Прокоп был вне себя; он, как говорится, и рвал и метал. Я всегда знал, что он ругатель по природе, но и за всем тем был изумлен. Таких ругательств, какие в эту минуту расточали уста его, я, признаюсь, даже в соединенном рязанско-тамбовско-саратовско-воронежском клубе не слыхивал.
– Успокойся, душа моя! – умолял я его, – в чем дело?
– Да ты, с маймистами-то пьянствуя, видно, не слыхал, что на свете делается! Сами себя, любезный друг, обкладываем! Сами в петлю лезем! Солдатчину на детей своих накликаем! Новые налоги выдумываем! Нет, ты мне скажи – глупость-то какая!
– Напротив того, я вижу тут прекраснейший порыв чувств!
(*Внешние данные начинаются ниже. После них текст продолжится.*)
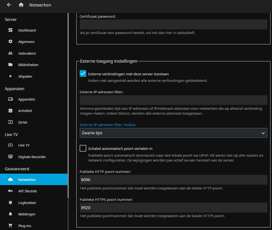 In de rubriek Apparaten / DNLA bepaal je of de Jellyfin-server ook als DLNA-server mag optreden, zodat UPnP-compatibele apparaten op je netwerk door de media kunnen navigeren om deze af te spelen. Bij Standaard gebruiker leg je vast van welke gebruiker de bibliotheken standaard op de aangesloten apparaten moeten worden weergegeven. In de rubriek Geavanceerd / Netwerken kun je onder meer het lokale https-poortnummer aanpassen (standaard is dit 8920) en ook het SSL-certificaatpad evenals het bijbehorende wachtwoord invullen. Is hier de optie Externe verbindingen met deze server toestaan aangevinkt, dan kun je bij Externe IP-adressen filter eventueel nog kwijt welke ip-adressen op afstand met je Jellyfin-server mogen verbinden.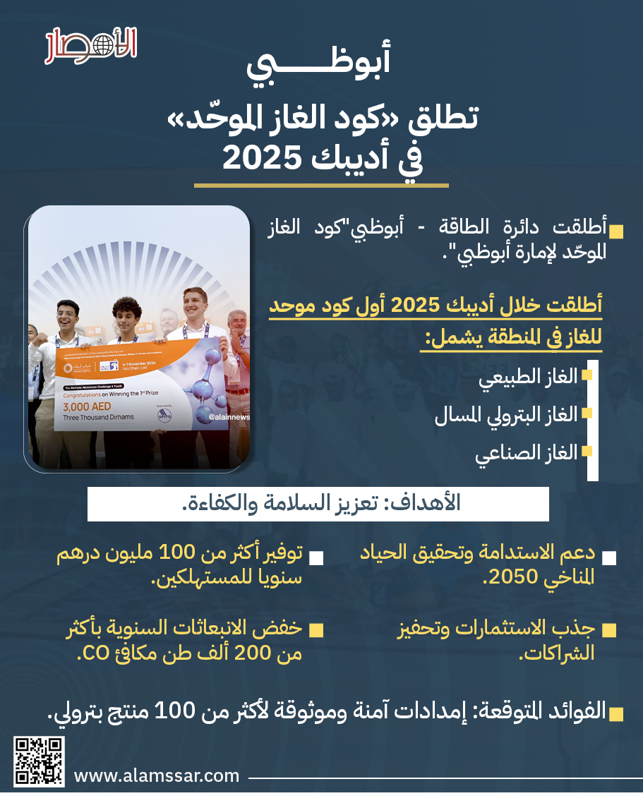 انفوجراف| أبوظبي تطلق «كود الغاز الموحّد» في أديبك 2025

– Фофан ты – вот что! Везде-то у вас порыв чувств, все-то вы свысока невежничаете, а коли поближе на вас посмотреть – именно только глупость одна! Ну, где же это видано, чтобы человек тосковал о том, что с него денег не берут или в солдаты его не отдают!
– Однако, согласись, что нельзя же допускать такую неравномерность! ведь берут же деньги с других! отдают же других в солдаты!
– Да ведь других-то и порют! Порют ведь, милый ты человек! Так отчего же у тебя не явится порыва чувств попросить, чтобы и тебя заодно пороли?!
Признаюсь откровенно, вопрос этот был для меня не нов; но я как-то всегда уклонялся от его разрешения. И деньги, покуда их еще не требуют, я готов отдать с удовольствием, и в солдаты, покуда еще не зовут на службу, идти готов; но как только зайдет вопрос о всесословных поронцах (хотя бы даже только в теории), инстинктивно как-то стараешься замять его. Не лежит сердце к этому вопросу – да и полно! "Ну, там как-нибудь", или: "Будем надеяться, что дальнейшие успехи цивилизации" – вот фразы, которые обыкновенно произносят уста мои в подобных случаях, и хотя я очень хорошо понимаю, что фразы эти ничего не разъясняют, но, может быть, именно потому-то и говорю их, что действительное разъяснение этого предмета только завело бы меня в безвыходный лабиринт.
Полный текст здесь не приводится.